== Segment start ==

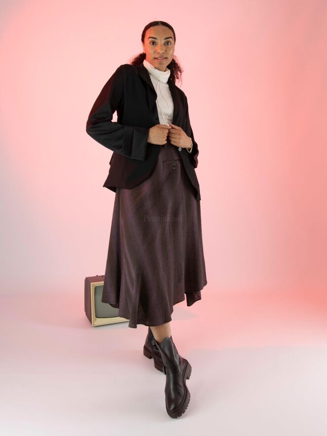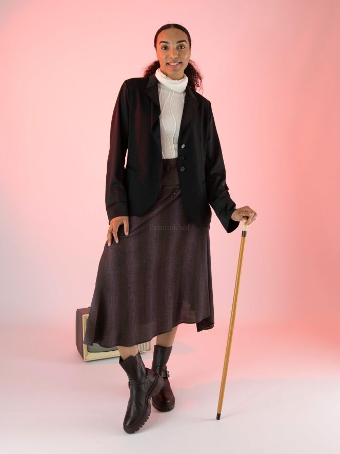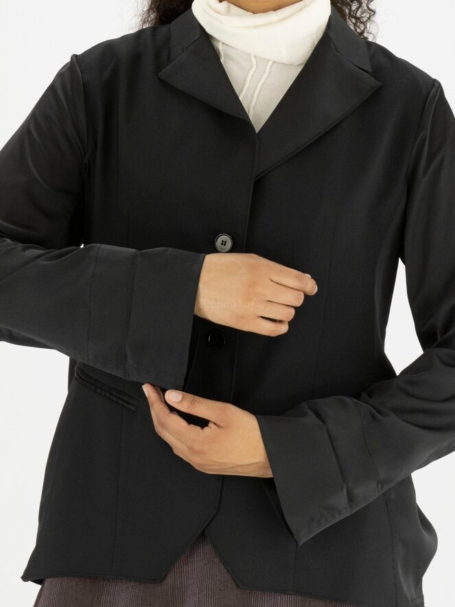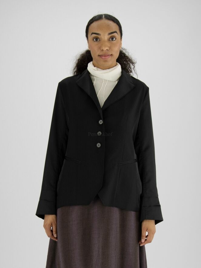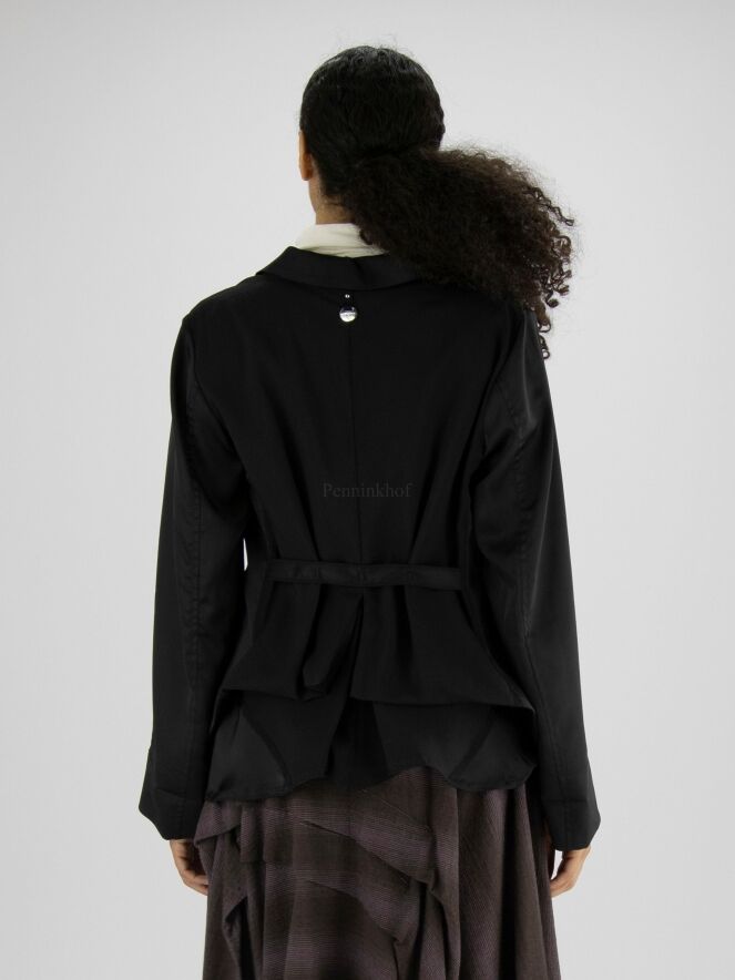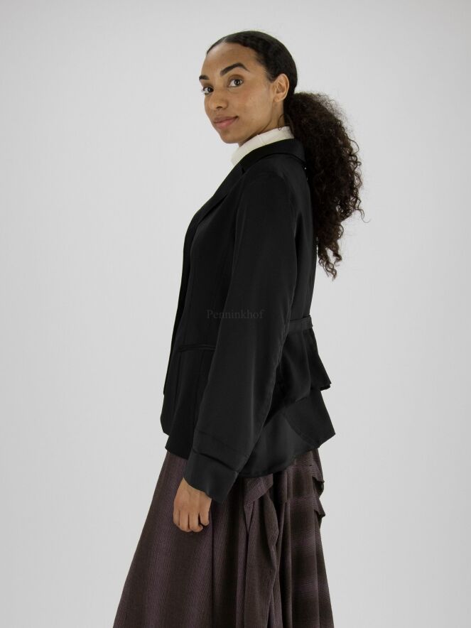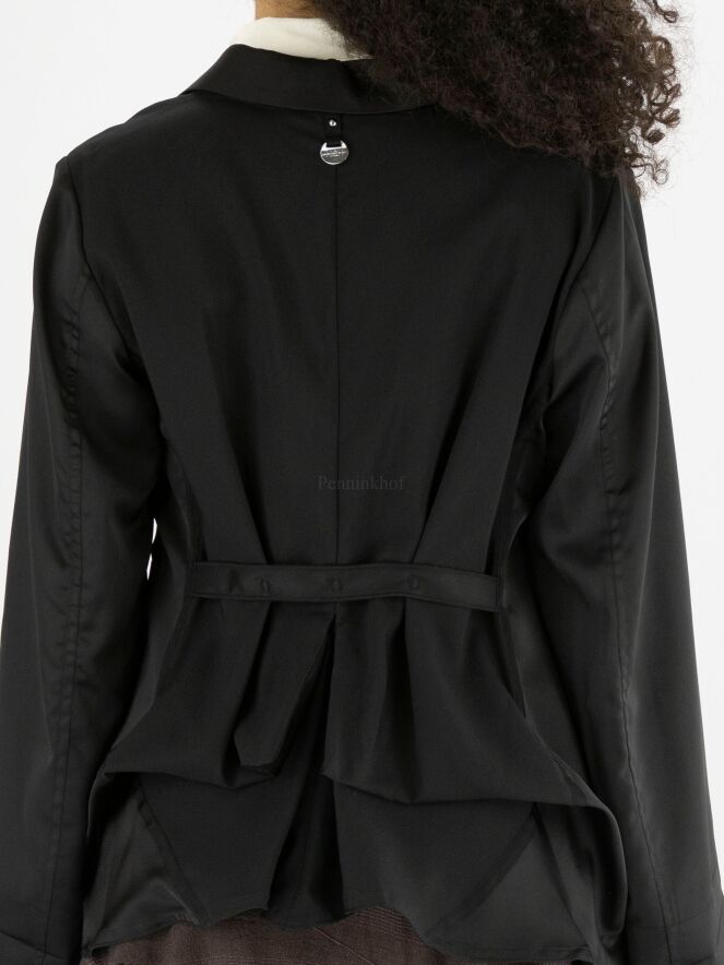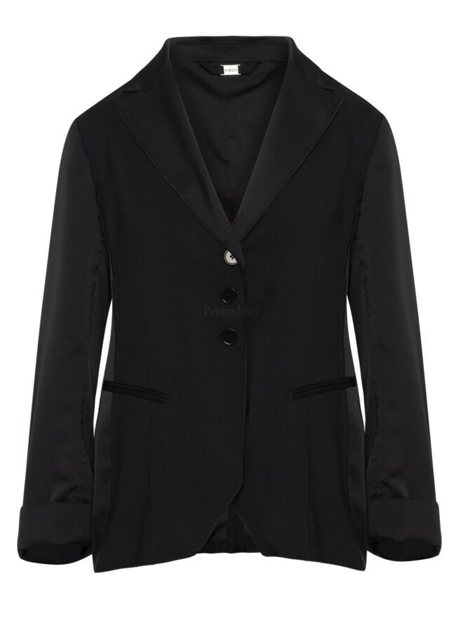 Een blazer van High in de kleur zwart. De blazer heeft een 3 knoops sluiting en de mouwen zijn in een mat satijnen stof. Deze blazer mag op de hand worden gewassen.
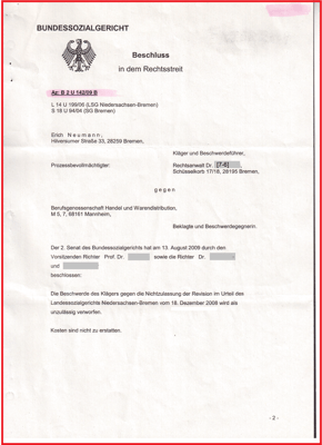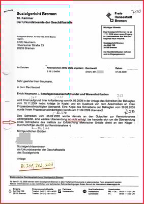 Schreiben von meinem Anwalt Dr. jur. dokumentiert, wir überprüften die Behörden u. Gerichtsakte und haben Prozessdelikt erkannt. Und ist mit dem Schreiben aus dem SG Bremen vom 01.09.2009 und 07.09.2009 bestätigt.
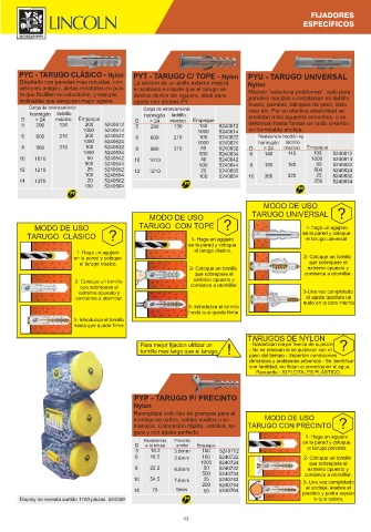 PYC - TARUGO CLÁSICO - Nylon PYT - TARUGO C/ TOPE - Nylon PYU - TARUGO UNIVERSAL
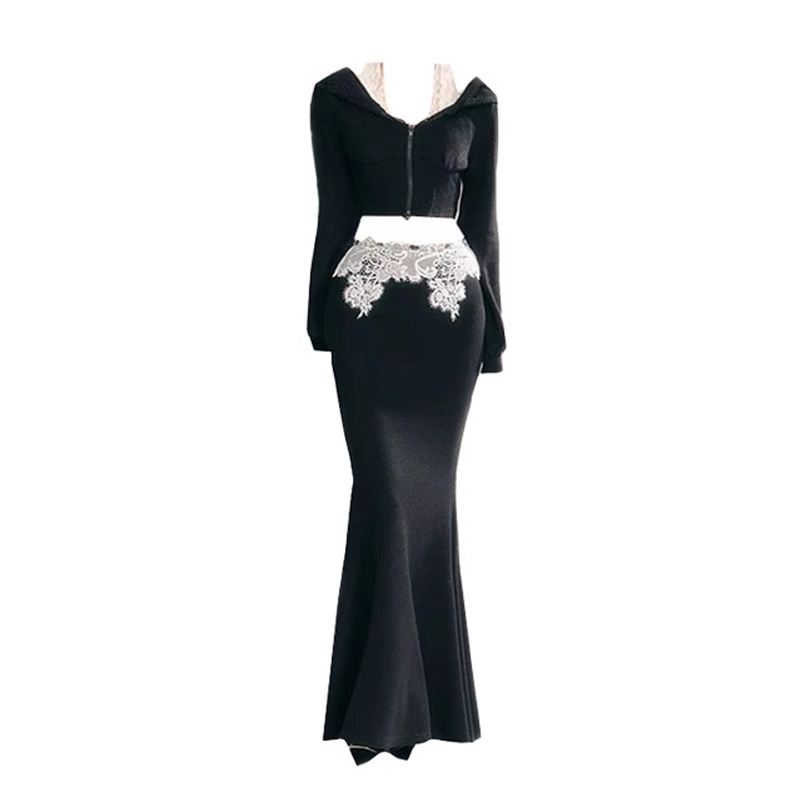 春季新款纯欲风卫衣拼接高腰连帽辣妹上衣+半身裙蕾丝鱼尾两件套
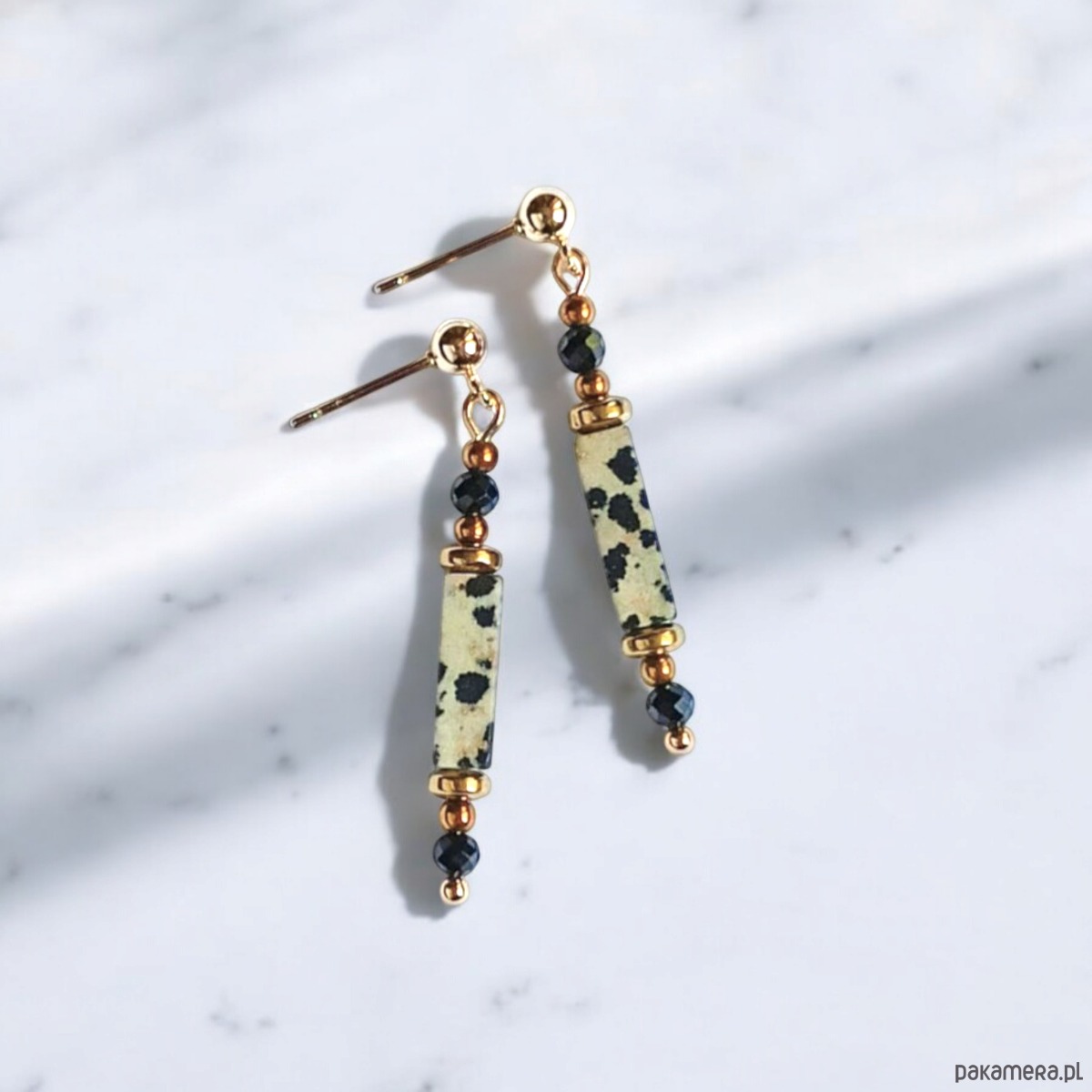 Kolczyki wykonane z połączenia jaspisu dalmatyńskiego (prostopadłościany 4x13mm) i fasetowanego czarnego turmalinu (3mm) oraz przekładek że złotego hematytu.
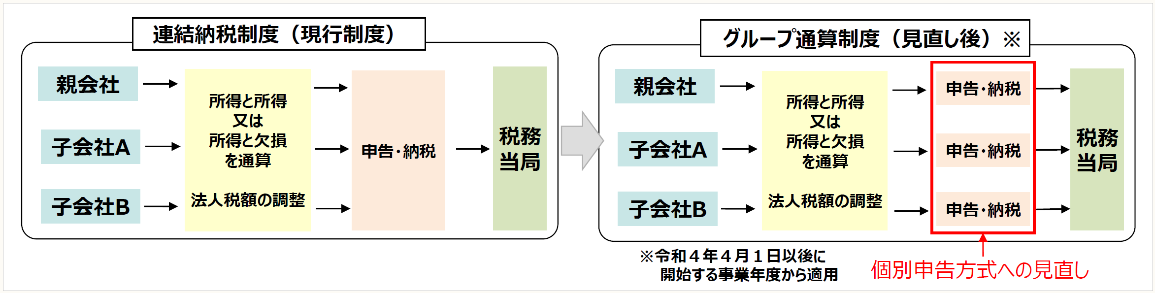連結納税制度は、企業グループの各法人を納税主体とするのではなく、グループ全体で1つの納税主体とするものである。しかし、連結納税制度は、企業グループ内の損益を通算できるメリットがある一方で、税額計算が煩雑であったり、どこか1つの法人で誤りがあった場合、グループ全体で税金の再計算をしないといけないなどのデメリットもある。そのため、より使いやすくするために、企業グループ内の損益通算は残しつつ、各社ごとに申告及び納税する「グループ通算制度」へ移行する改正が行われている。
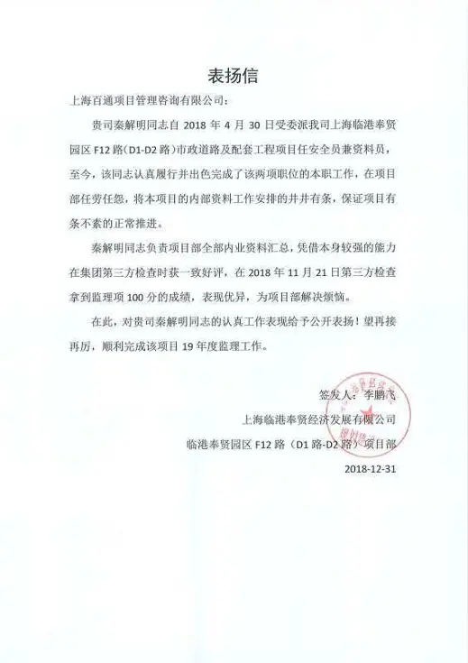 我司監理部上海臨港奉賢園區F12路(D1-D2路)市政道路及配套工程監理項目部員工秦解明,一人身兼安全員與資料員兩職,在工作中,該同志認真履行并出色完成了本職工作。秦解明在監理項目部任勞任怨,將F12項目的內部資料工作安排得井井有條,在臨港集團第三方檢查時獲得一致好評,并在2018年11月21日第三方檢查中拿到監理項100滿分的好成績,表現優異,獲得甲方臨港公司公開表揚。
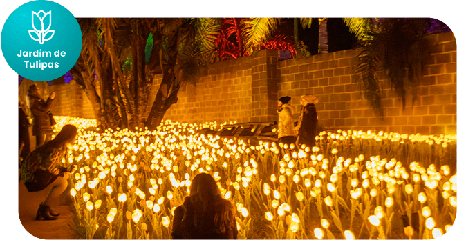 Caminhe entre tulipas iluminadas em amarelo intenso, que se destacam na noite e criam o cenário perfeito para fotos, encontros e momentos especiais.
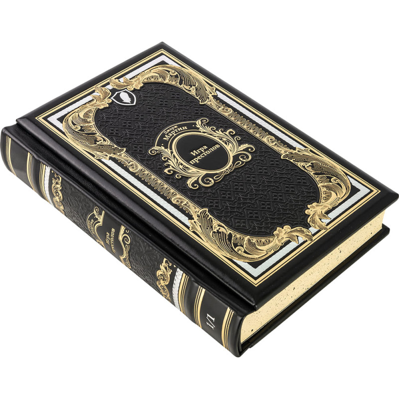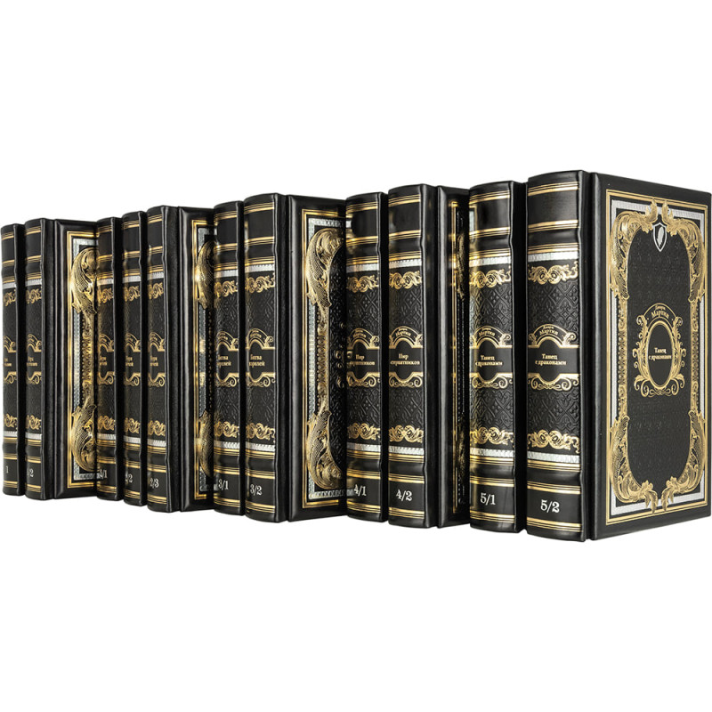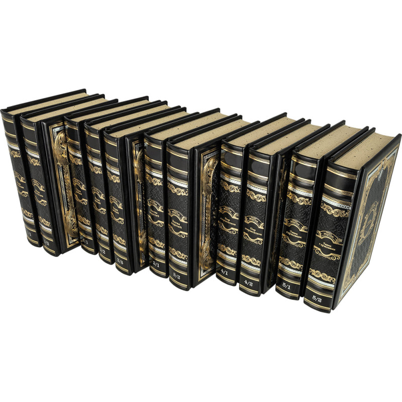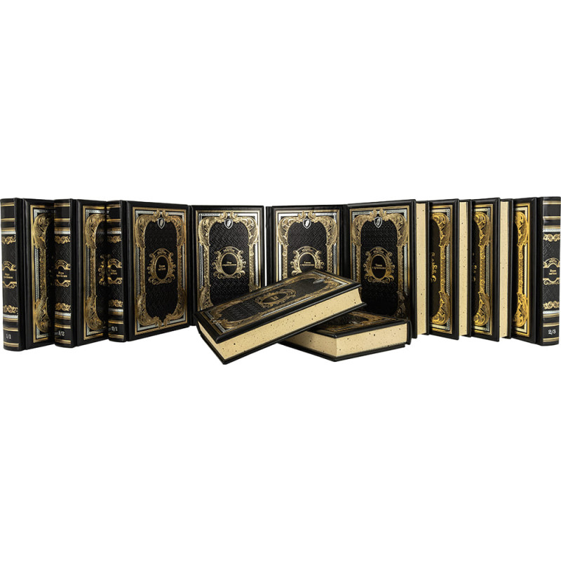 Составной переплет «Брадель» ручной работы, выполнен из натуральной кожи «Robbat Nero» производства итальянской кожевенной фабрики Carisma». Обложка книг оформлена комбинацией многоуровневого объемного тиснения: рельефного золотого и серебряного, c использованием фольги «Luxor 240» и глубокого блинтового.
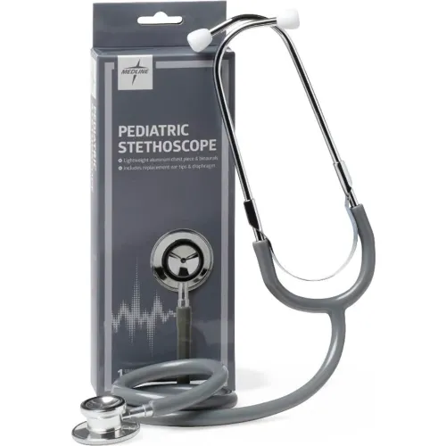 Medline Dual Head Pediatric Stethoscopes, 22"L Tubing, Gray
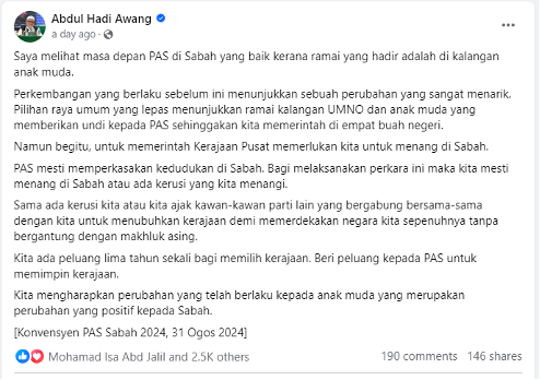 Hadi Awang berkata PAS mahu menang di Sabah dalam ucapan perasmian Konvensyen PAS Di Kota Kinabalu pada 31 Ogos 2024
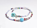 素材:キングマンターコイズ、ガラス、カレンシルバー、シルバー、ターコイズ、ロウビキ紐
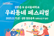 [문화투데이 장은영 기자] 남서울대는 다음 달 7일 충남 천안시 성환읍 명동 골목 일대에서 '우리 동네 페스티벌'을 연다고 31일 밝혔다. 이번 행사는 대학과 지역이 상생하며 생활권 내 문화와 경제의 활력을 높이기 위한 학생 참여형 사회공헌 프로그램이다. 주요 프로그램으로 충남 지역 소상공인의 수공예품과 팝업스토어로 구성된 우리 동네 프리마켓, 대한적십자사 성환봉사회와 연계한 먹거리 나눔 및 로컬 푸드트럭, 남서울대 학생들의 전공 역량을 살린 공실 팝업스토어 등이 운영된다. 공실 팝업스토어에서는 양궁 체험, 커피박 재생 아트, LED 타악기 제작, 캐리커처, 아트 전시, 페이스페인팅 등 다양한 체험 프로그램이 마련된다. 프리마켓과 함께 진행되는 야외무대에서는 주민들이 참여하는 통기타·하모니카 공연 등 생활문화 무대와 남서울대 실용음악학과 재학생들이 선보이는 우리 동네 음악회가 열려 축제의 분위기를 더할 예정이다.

== Segment end ==

▶ **Required action**:
Although the records above contain pictures, the copy must not; set down exactly the lines from the one with "Schreiben von meinem" up to and including the one with "春季新款纯欲风卫衣拼接高腰连帽辣妹上衣+半身裙蕾丝鱼尾两件套".

▶ **Task output**:
 Schreiben von meinem Anwalt Dr. jur. dokumentiert, wir überprüften die Behörden u. Gerichtsakte und haben Prozessdelikt erkannt. Und ist mit dem Schreiben aus dem SG Bremen vom 01.09.2009 und 07.09.2009 bestätigt.
 PYC - TARUGO CLÁSICO - Nylon PYT - TARUGO C/ TOPE - Nylon PYU - TARUGO UNIVERSAL
 春季新款纯欲风卫衣拼接高腰连帽辣妹上衣+半身裙蕾丝鱼尾两件套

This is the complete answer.